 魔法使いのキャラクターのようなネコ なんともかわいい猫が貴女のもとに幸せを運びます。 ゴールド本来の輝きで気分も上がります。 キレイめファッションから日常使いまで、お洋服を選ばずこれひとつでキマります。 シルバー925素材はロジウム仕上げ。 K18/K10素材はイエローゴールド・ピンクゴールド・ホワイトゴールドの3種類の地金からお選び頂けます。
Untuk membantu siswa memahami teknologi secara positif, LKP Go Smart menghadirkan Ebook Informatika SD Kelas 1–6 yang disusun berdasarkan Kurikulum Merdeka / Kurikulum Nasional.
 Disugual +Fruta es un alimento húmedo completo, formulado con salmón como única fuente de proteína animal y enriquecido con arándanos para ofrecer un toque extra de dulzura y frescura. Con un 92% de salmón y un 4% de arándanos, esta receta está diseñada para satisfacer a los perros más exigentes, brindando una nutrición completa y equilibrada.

--- --- ---

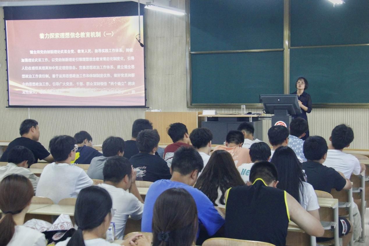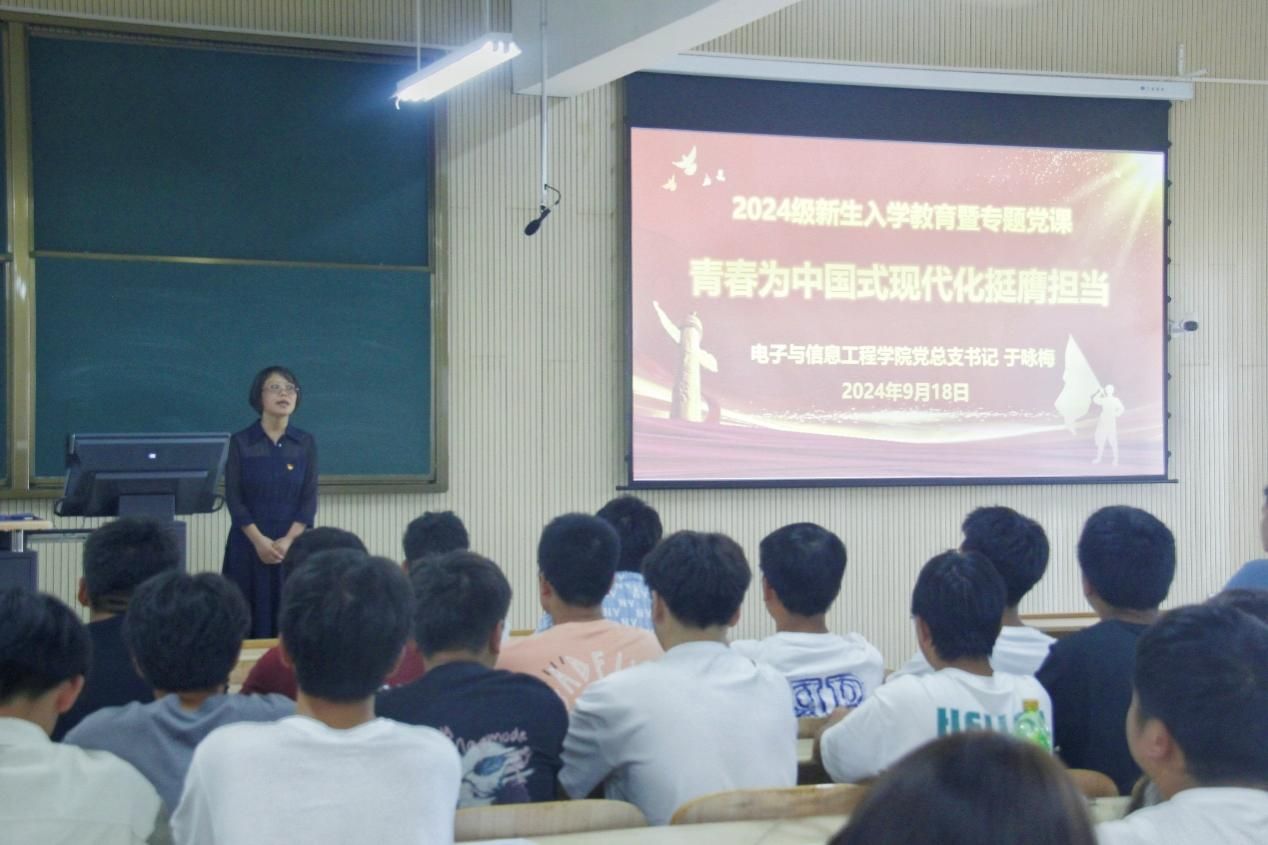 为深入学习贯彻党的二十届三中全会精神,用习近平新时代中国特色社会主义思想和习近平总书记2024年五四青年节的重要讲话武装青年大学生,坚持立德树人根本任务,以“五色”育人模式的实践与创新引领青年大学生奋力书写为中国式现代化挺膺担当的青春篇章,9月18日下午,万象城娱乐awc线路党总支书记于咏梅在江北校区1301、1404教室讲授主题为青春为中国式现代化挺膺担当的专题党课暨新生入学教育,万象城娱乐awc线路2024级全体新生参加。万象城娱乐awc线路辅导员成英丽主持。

--- --- ---

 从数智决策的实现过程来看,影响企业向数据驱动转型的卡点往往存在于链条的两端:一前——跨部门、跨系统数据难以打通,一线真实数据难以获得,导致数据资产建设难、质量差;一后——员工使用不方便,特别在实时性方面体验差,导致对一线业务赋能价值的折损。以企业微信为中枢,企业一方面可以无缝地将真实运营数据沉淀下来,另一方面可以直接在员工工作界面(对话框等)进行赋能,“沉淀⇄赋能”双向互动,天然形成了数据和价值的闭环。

--- --- ---

# [INSTRUCTIONS FOR THE TASK]
Go to the line in the material above that contains "魔法使いのキャラクターのようなネコ なんともかわいい猫が貴女のもとに幸せを運びます。 ゴールド本来の輝きで気分も上がります。" and copy exactly from there through the line that contains "Disugual +Fruta es", stopping after it.

# [ANSWER]
 魔法使いのキャラクターのようなネコ なんともかわいい猫が貴女のもとに幸せを運びます。 ゴールド本来の輝きで気分も上がります。 キレイめファッションから日常使いまで、お洋服を選ばずこれひとつでキマります。 シルバー925素材はロジウム仕上げ。 K18/K10素材はイエローゴールド・ピンクゴールド・ホワイトゴールドの3種類の地金からお選び頂けます。
Untuk membantu siswa memahami teknologi secara positif, LKP Go Smart menghadirkan Ebook Informatika SD Kelas 1–6 yang disusun berdasarkan Kurikulum Merdeka / Kurikulum Nasional.
 Disugual +Fruta es un alimento húmedo completo, formulado con salmón como única fuente de proteína animal y enriquecido con arándanos para ofrecer un toque extra de dulzura y frescura. Con un 92% de salmón y un 4% de arándanos, esta receta está diseñada para satisfacer a los perros más exigentes, brindando una nutrición completa y equilibrada.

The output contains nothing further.